On Monday, March 14, Massachusetts Governor Charlie Baker signed into law what the Portland Press Herald called “most comprehensive law in the nation to combat an opioid addiction scourge, including a seven-day limit on first-time prescriptions for opiate painkillers.”
Families of those who had lost children and other members to the opioid epidemic, as well as those currently battling it with a loved one, stood behind him as he signed the bill.
The bill creates new laws for those who prescribe opiate painkillers, a gateway drug for many who wind up addicted to heroin.
Baker s the first to implement the law. He says he hopes other states will follow. The new law also includes school districts establishing substance abuse prevention policies, as well as screening students to assess their risk of addiction. Training programs for health care providers and law enforcement are also part of the new law.
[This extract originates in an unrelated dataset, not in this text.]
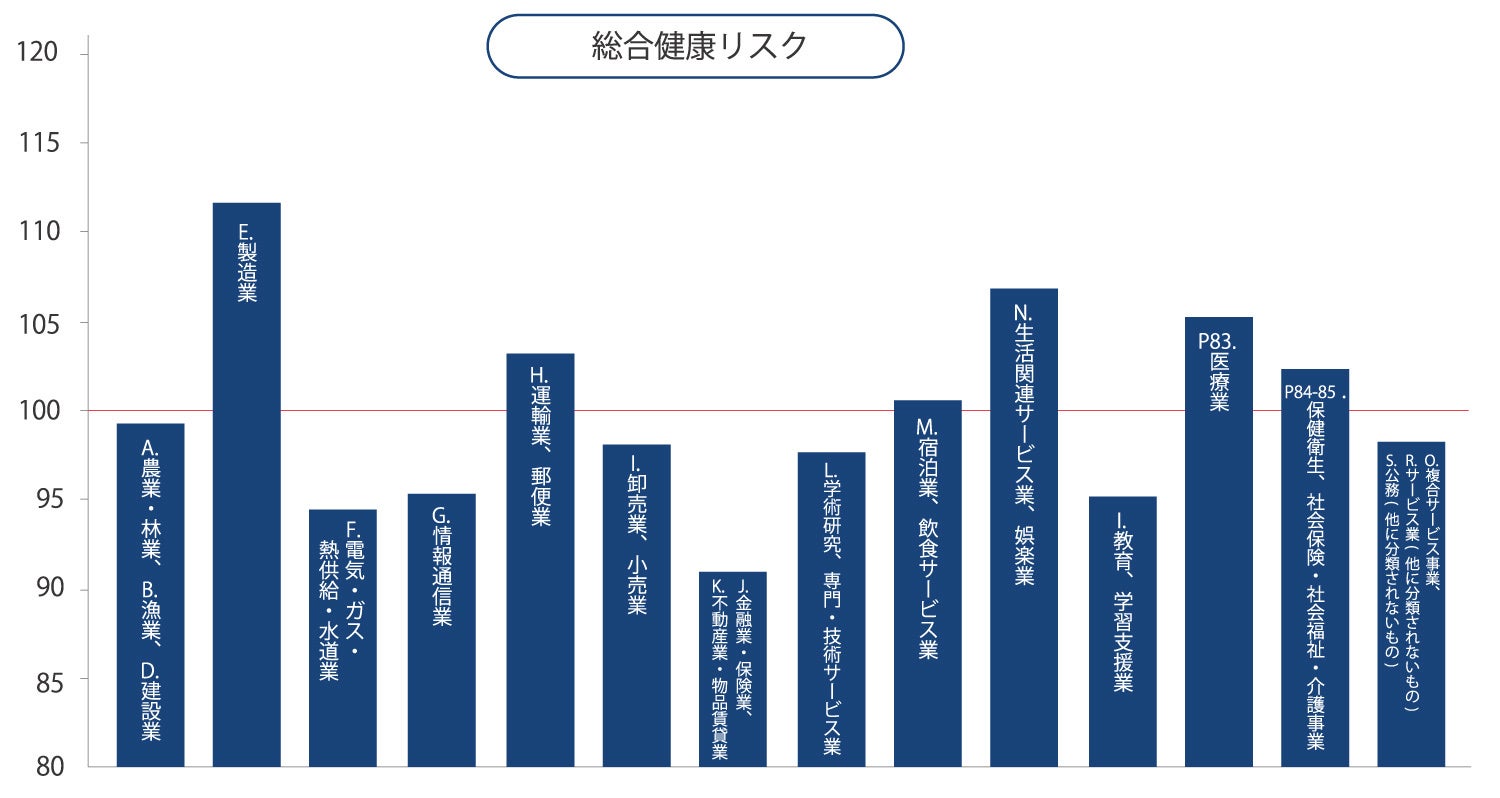 総合健康リスクについては、健康問題発生リスクが全国平均値より10%高いと推定される業種(全国平均値100を10以上上回っている業種)は「E. 製造業」のみという結果になりました。

The story reports that, “Between 2012 and 2014, the number of confirmed unintentional opioid overdose deaths jumped 65 percent, to an estimated total of nearly 1,100 in 2014.”
The bill marks what Democratic Senate President Stan Rosenberg called a “philosophical shift toward treating addiction not as a crime but a disease.”
Lastly, the bills requires those treated for overdoses in emergency rooms to undergo evaluation within 24 hours and that they be given treatment options before leaving the hospital.
Boston Mayor Marty Walsh, who struggled with alcohol addiction earlier in his life said of the new law, “If this bill helps one family and one addict, it’s done its job.”